The section borrows from economist Mariana Mazzucato’s idea of the entrepreneurial state, set out in her 2011 book of that name. 

In quoting Mazzucato, the document’s authors offer a new spin on the privatisation narrative which is certainly more palatable than the alternative — an enfeebled state at the mercy of a profit-hungry private sector. The question is, will the government genuinely pursue the entrepreneurial state ideal or will it be derailed as it endeavours to protect narrow interests?

This part of the roadmap contains an important admission — that the corporatisation of the country’s state-owned entities has failed. The push for corporatisation relied on the idea that it would lead to greater innovation and commercial agility, characteristics that are generally not ascribed to the state, which is all too often cast as inertial (as Mazzucato explains).

“While the corporatisation of SOEs was intended to enable them to remain agile and responsive to changing business environments, they have largely failed to keep up with the evolving dynamics of the sectors in which they operate,” the document notes.

“Rather than adapting and reforming to remain cutting-edge, they have stagnated and remained attached to business models that are increasingly unviable and abandoned by the rest of the world.”

These problems have slowed growth, deterred investors and placed extraordinary burdens on the fiscus, the document adds, noting that this reality has necessitated difficult trade-offs.

Elsewhere, the document focuses on dilemmas arising from Transnet’s corporatisation specifically — noting that, for much of its history, the entity has been governed under vague and often unfunded operational mandates. This pitfall of corporatisation has manifested in most of the other state-owned entities, including Eskom.

“In particular, Transnet has been expected to undertake explicit developmental mandates without explicit state subsidies to finance these mandates,” the document notes.

“This has created a tension between Transnet’s role as a profit-maximising corporatised entity, effectively operating on a commercial basis and its role as part of the developmental state … In short, it is unreasonable to expect an SOE to deliver on development objectives which are not commercially feasible without providing adequate funding.”

The document admits that years of underfunding have precipitated the current crisis. But it also advances the idea that the government has been left with limited options insofar as funding is concerned. 

For this reason, the plan sets forth mechanisms through which private sector funding can be leveraged. These include rolling-stock investments, concessioning and private investment in feeder and short lines, all of which come with certain caveats and risks.

As Mazzucato has explained, one of the key dilemmas set up by such financing regimes is that they have tended to socialise risks and privatise returns.
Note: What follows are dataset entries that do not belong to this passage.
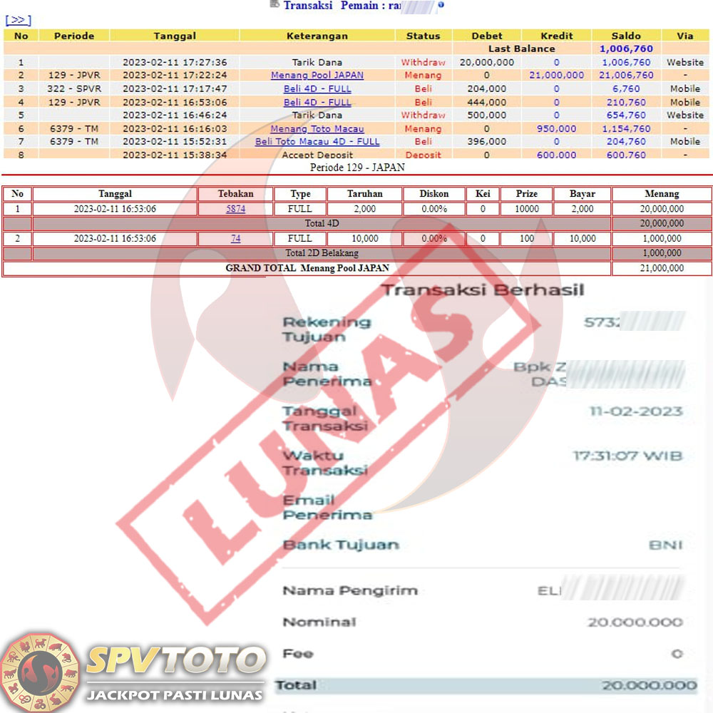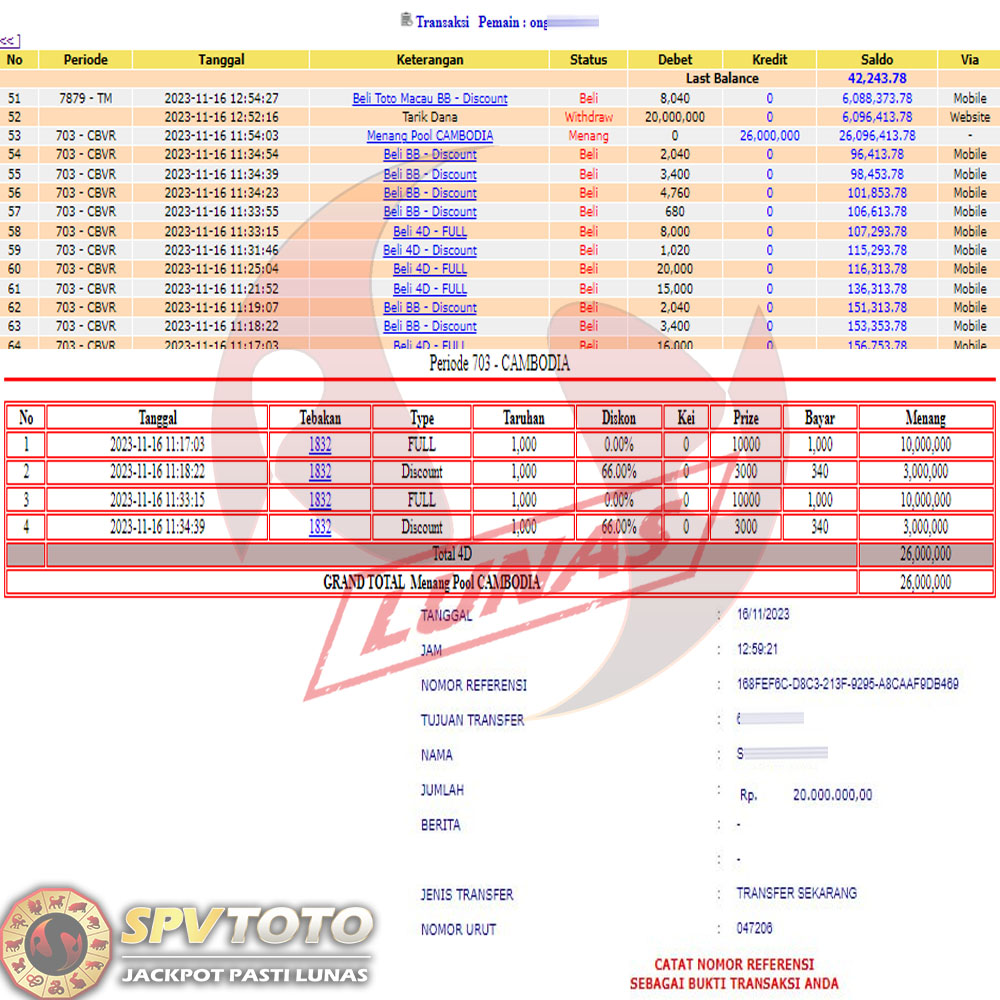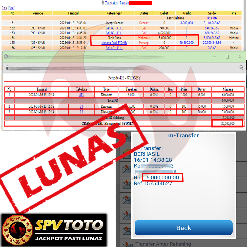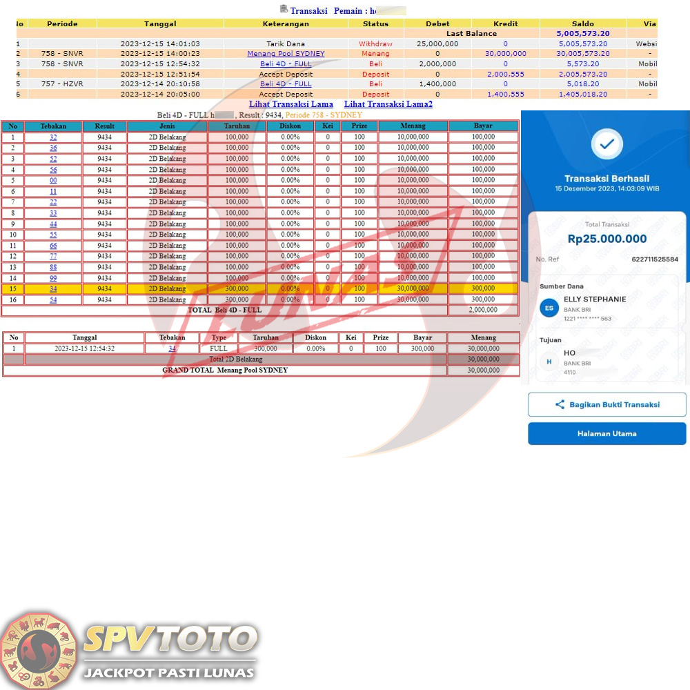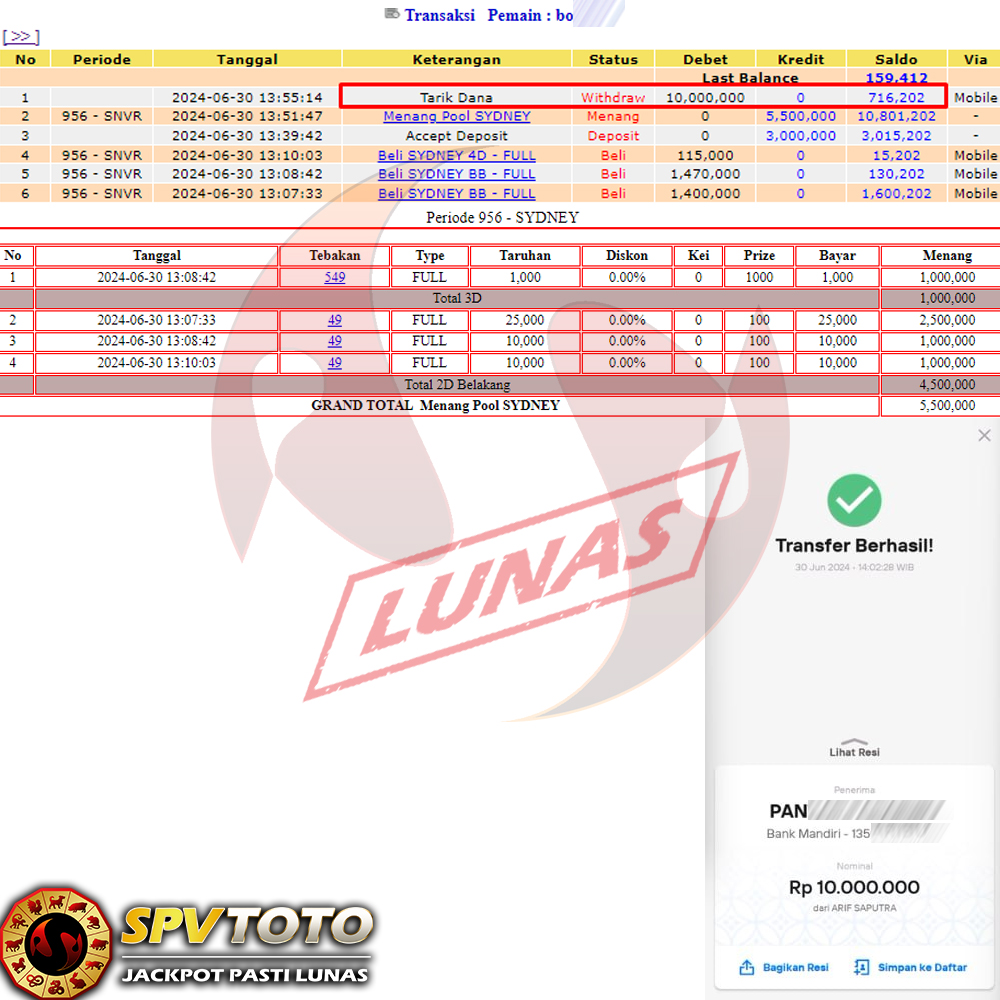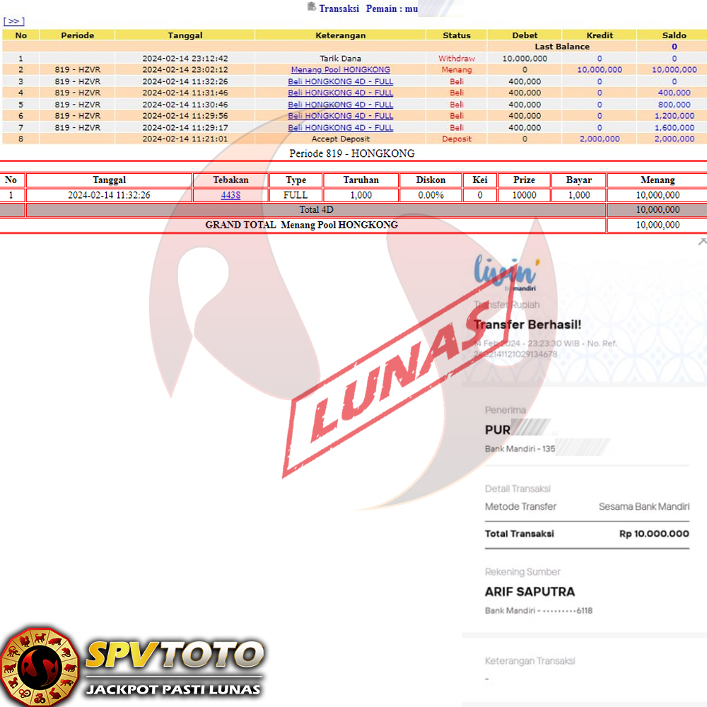 SELAMAT KEPADA MEMBER YANG MENDAPATKAN JACKPOT DI SPVTOTO
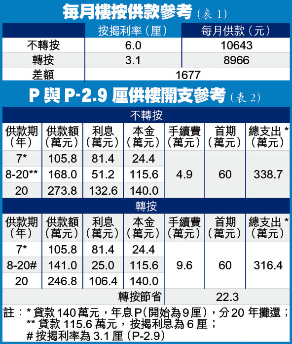為減少利息開支,張佩儀建議李生做物業轉按,以中銀P減2.9厘計,實際按息為3.1厘。以貸款額115.6萬,分13年攤還計,每月供款8966元,較原有的每月10643元供款,節省1677元(表1);而全部供款額為338.7萬元(計及所有支出),較原有不轉按計劃節省22.3萬元(表2)。
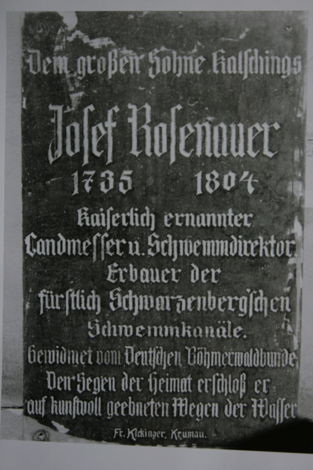 Josef Rosenauer (*1735 in Kalsching/Chvalšiny bei Krumau) kehrt vom Studium an der Ingenieurakademie in Wien, wohin er von Fürsten Schwarzenberg geschickt wurde, zurück und wird zum fürstlichen Ingenieur ernannt
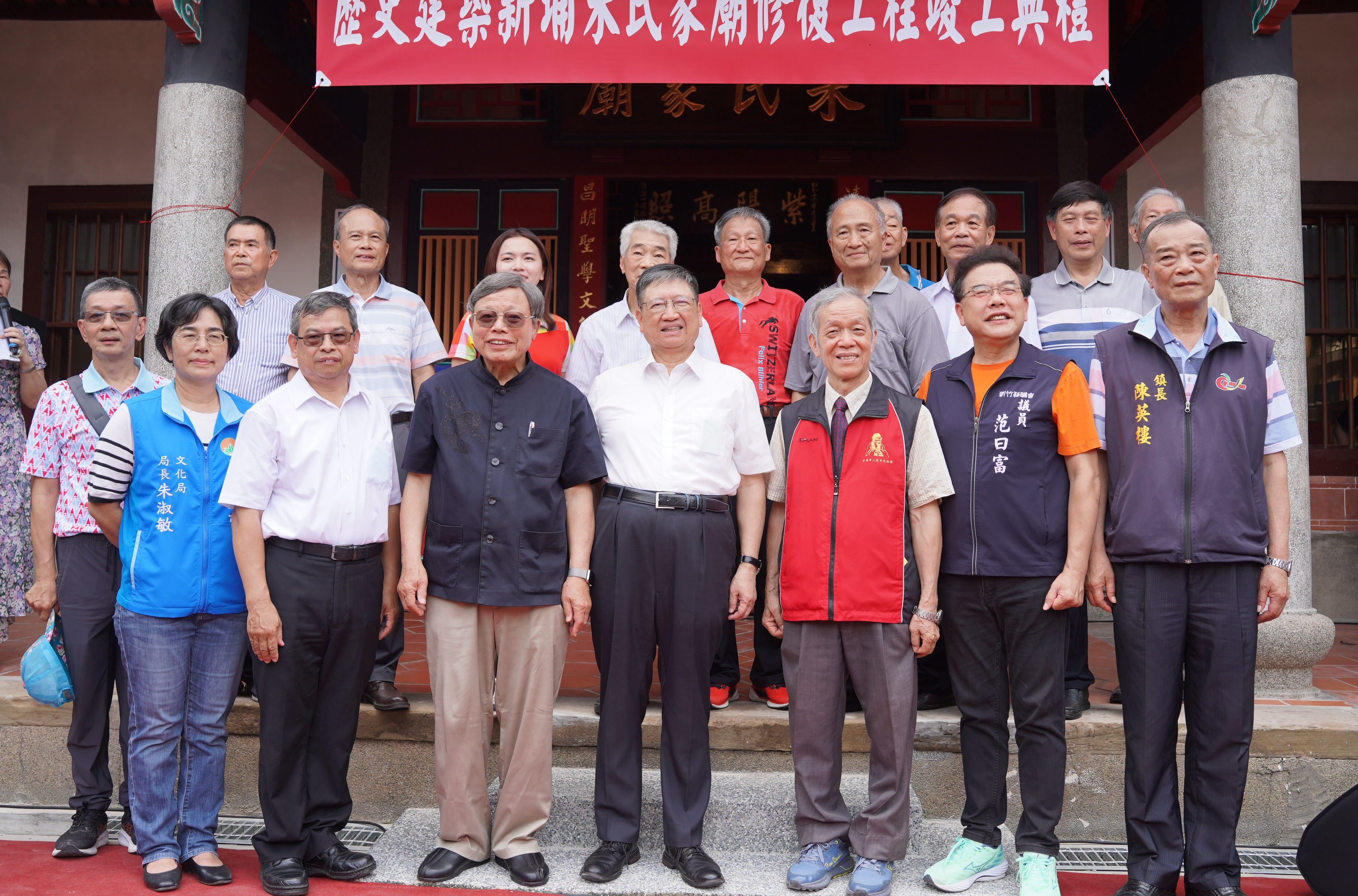 歷經1年8個月的修復工程,新竹縣歷史建築新埔朱氏家廟於今(7)日正式竣工,並舉行隆重的竣工典禮。新竹縣縣長楊文科、文化部文化資產局主秘張祐創、祭祀公業朱珍公管理委員會理事長朱建全、新埔鎮長陳英樓及多位地方民意代表與嘉賓出席,共同見證這座具有深厚歷史與文化價值的建築再現光彩。
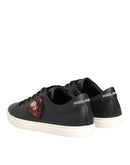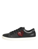 Dolce & Gabbana Black White Leather Crystal Heart Sneakers Shoes
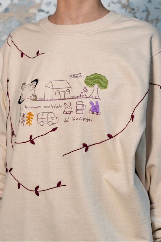 Sudadera Telar color beige bordada a mano
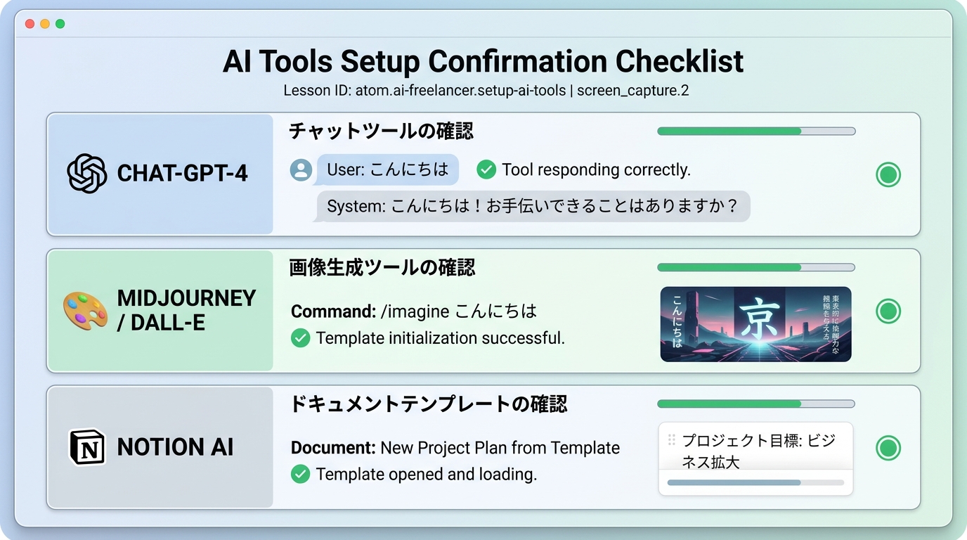 3つとも確認できたら、あなたの「AI副業道具箱」は完成です。
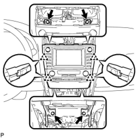 (b) Pull the navigation receiver with heater control panel assembly toward the rear of the vehicle and disengage the 4 clips.
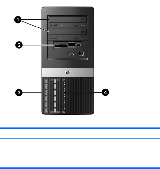 1 Two 5.25-inch external drive bays for optional drives (optical drives shown)

This as the state — and the people whose interests it is supposed to be looking out for — is made to pay for market failures through bailouts or higher administered costs.

One example of how a state has paid for its dalliance with the private sector is seen in the privatisation of the UK’s rail network three decades ago. 

Although the Conservative Party has celebrated the success of the dismantling of British Rail, many consider the UK’s privatisation experiment a dismal failure. The privatisation of British Rail involved separating its infrastructure, rolling stock and operations.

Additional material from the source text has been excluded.